Qing-hua TIAN^1,2, Yun-tao XIN^1,2, Li YANG¹, Xue-hai WANG¹, Xue-yi GUO^1,2

1. School of Metallurgy and Environment, Central South University, Changsha 410083, China;

2. Cleaner Metallurgical Engineering Research Center, Nonferrous Metal Industry of China, Central South University, Changsha 410083, China

Received 16 September 2015; accepted 19 May 2016

Abstract: The theoretical simulation and verified experiments on metal separation in a Sb³⁺-OH^--Cl^- complexation-precipitation system involving hydrolysis-precipitation reactions of SbOCl, Sb₄O₅Cl₂ and Sb₂O₃ were carried out. The equilibrium concentration of [Sb³⁺]_T was obtained by calculation and verified by experiments. The precipitates SbOCl, Sb₄O₅Cl₂ and Sb₂O₃ were analyzed through the equilibrium concentration of Sb³⁺ in the solution and the Δ_rG^Θ_m of transformation reactions of these materials. It is found that the concentration of [Sb³⁺]_T in verified experiments was larger than the theoretical value, where the theoretical minimum concentration of [Sb³⁺]_T was 10^-10.92 mol/L at pH value of 4.6 and the minimum concentration obtained from the verified experiment was about 10^-3.8 mol/L at pH value of 5.1. Different precipitates can be obtained at certain pH. The SbOCl cannot be obtained both in theoretic calculations and in verified experiments, while the Sb₈O₁₁Cl₂·H₂O was generated in the experiment.

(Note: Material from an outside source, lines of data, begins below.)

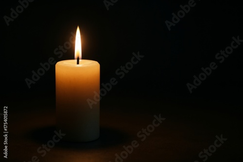 Burning candle with soft flame glowing in darkness on black background, symbolizing light, calmness, and mindfulness in abstract atmosphere. Ai generative
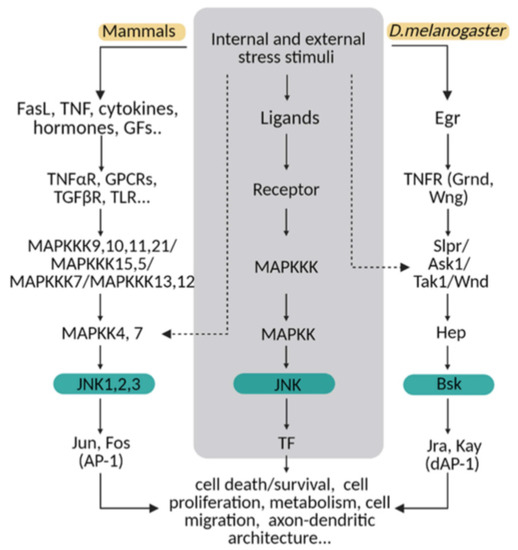The molecular MAPK cascade presents high homology from Drosophila to mammals (Figure 1) [11]. In Drosophila, JNK pathway-signalling is initiated by the interaction of the ligand protein Eiger (Egr), the unique TNF superfamily member of ligands [12,13], with TNF receptors (TNFRs) Grindewal (Grnd) [14], or Wengen (Wng) [15]. Ligand–receptor interaction initiates a cascade of phosphorylations that mediates the JNK signalling pathway [11]. In Drosophila, JNK is encoded by a single gene: basket (Bsk); this simplifies the genetic studies that have contributed to decipher the role of JNK under physiological and pathological stressful scenarios [16,17]. In mammals, the JNK cascade involves four kinases, and mitogens or cytokines induce MAP3K family activation [11]. MAPK cascade triggers cytosolic JNK dual phosphorylation and initiates the phosphorylation of cytoplasmic and nuclear proteins [18], including cytoskeletal and mitochondrial proteins, nuclear transcription factors, membrane proteins or nuclear hormone receptors [19]. Thus, gene expression derived from JNK activation leads to a variety of responses, depending on the cell type and the scenario [11]. In mammals, the JNK pathway is encoded by jnk1, jnk2 and jnk3 [20]. JNK1 and JNK2 are found ubiquitously, whereas JNK3 is restricted to the brain, cardiac smooth muscle and testis [20,21]. In particular, the JNK pathway is highly active in the CNS as compared with other tissues. Therefore, it emerges as a critical regulator of CNS cells under physiological and pathological conditions [22,23]. It has been demonstrated in mouse that different JNK isoforms undergo compensatory mechanisms during early brain development. Although a single deficiency of each JNK isoform is viable, the mutants still present different phenotypes, highlighting the importance of each individual enzyme (reviewed in [23]). Besides, each isoform has different temporal and regional expression patterns (reviewed in [21]).
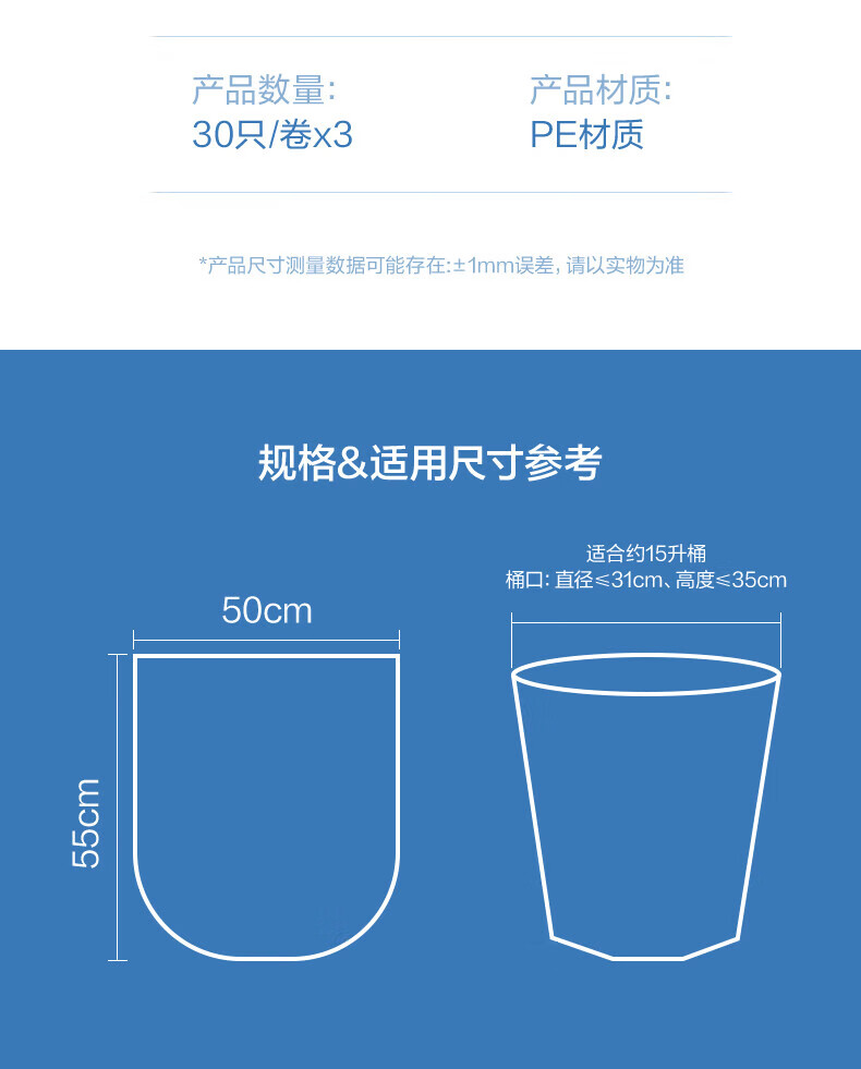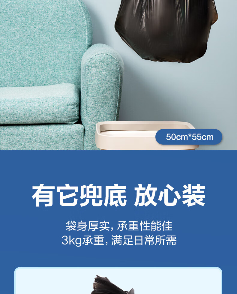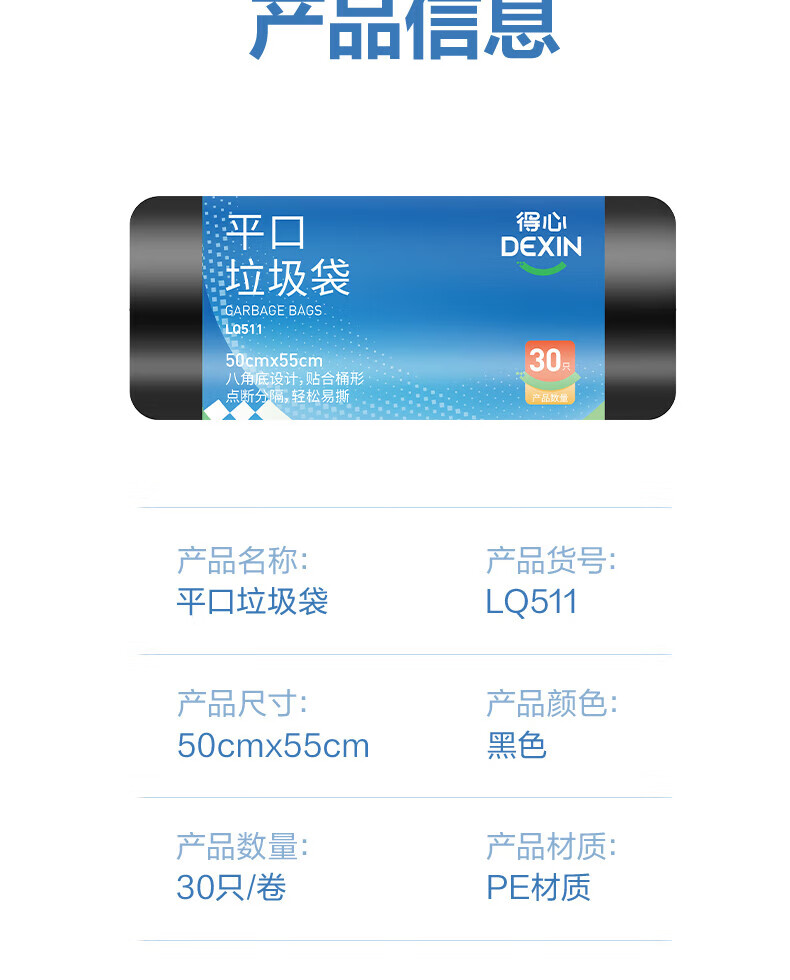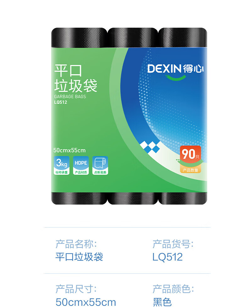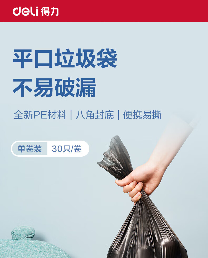 得力/deli LQ511 塑料制品 垃圾袋50x55cm 黑色 160卷/箱 30只/卷
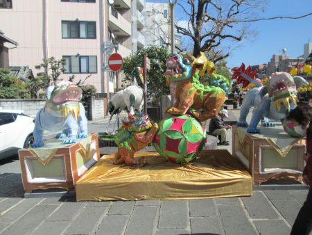 中島川周辺の大きなオブジェの前で写真を撮りました!!
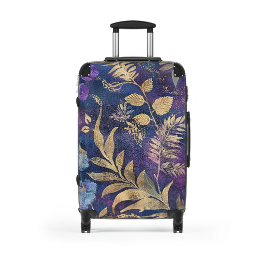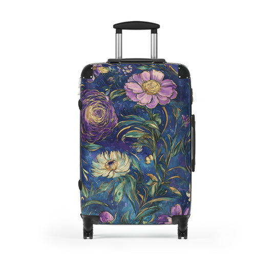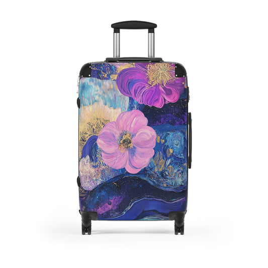 Tropical Floral Purple Suitcase, Bright and Colorful Designer Luggage for Airport, Rolling Weekender Travel Bag Gift for Flight Attendant
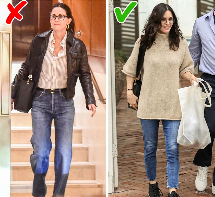 قومي بالتخلص فورًا من جميع أنواع السراويل التي تبدو مترهلة وكبيرة عليكِ، بدلا من ذلك، ارتدي بنطلون جينز ضيق، فهو يجعلك تبدين أنيقة دائمًا، ويمكن إقرانه بسهولة مع بلوزات بطرز مختلفة لإبراز قوامك ويجعلك تبدين أنحف وأصغر سنا.
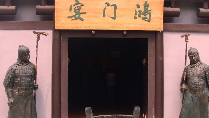 公元207年,項羽從謀士范增之計,在鴻門設宴,企圖借機殺掉劉邦,于是演出了一幕“鴻門宴”,著名的典故“項莊舞劍,意在沛公”就是指這段故事。現存遺址用青磚砌成,十米高的旗桿上飄揚著杏黃色的帥旗,臺子北面建了一座蒙古包似的軍帳,門口高掛“楚高軍旗”,帳內模擬當時的宴會場面,軍帳用玻璃鋼制成,里面塑有“項莊舞劍、樊噲闖帳”等塑像,生動的再現了當年戰事中的重要一幕。
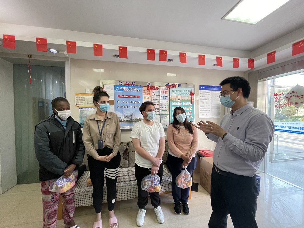 3月12日,jdb电子中国官方网站党委副书记、院长张勇安,jdb电子中国官方网站党委副书记、副院长丁佳蒙,jdb电子中国官方网站副院长倪兰,院党委组织员赵影,团委书记、研究生辅导员宋亚丽,本科生辅导员梁爽、迪拉热一行,走进南区、新世纪和校内学生宿舍看望慰问全体中外学生,同时慰问了疫情防控期间驻楼辅导员郭鸣老师。

Key words: antimony chloride; complexation-precipitation; thermodynamics equilibrium; verification

1 Introduction

There exist a series of antimony oxides, such as Sb₂O₅, Sb₆O₁₃, Sb₄O₄, Sb₂O₃, Sb₂O and gaseous SbO [1-5]. The most stable antimony oxide is Sb₂O₃, an important antimony product [6]. Most Sb₂O₃ products are produced by pyrometallurgy, while some are obtained by hydrometallurgy involving hydrolysis reactions of SbCl₃ solution. Recently, hydrometallurgical processes of sulfide ores have greatly been promoted for lowering SO₂ emission, and some advanced technologies, such as oxidation leaching and slurry electrolysis of sulfides [7], have already been developed and adopted. Generally, in an acid system of SbCl₃, the Sb₂O₃ is obtained by hydrolysis of SbCl₃, which involves the complexation of Sb³⁺ with Cl^- and OH^-. Because of the complexation, the stability of the SbCl₃ system in hydrochloric acid is influenced by the concentrations of Cl^- and OH^-. When the system is changed or the equilibrium of complexation-precipitation is altered, either the antimony ion precipitates from the solution or the antimony precipitate dissolves in the solution. In the hydrolysis process of SbCl₃ solution, SbOCl, Sb₄O₅Cl₂, Sb₂OCl₄, Sb₂O₃, Sb₄O₃(OH)₃Cl₃ and Sb₄O₃(OH)₅Cl. could be generated depending on certain conditions [8,9]. In the hydrometallurgy of antimony in a hydrochloric acid system and other hydrometallurgical processes involving SbCl₃, the equilibrium of complexation- precipitation of Sb³⁺ with Cl^- and OH^- must be controlled to prevent unexpected reactions. Based on the known data on Sb compounds and other materials in complexation-precipitation system of Sb³⁺ with Cl^- and OH^-, theoretical simulation of the complexation- precipitation equilibrium could be achieved [10,11-13]. As to the system of SbCl₃, researches on the hydrolysis equilibrium of the Sb³⁺-Cl^--H₂O system [14] are limited to achieve theoretical simulation without verification by experiments. And there exist some deficiencies in these theoretical analyses, such as limitation to acidic system, no consideration on the precipitates generated in the system neither in theoretical analyses nor in verification experiments, which will hinder the comprehensive understanding of the system [15].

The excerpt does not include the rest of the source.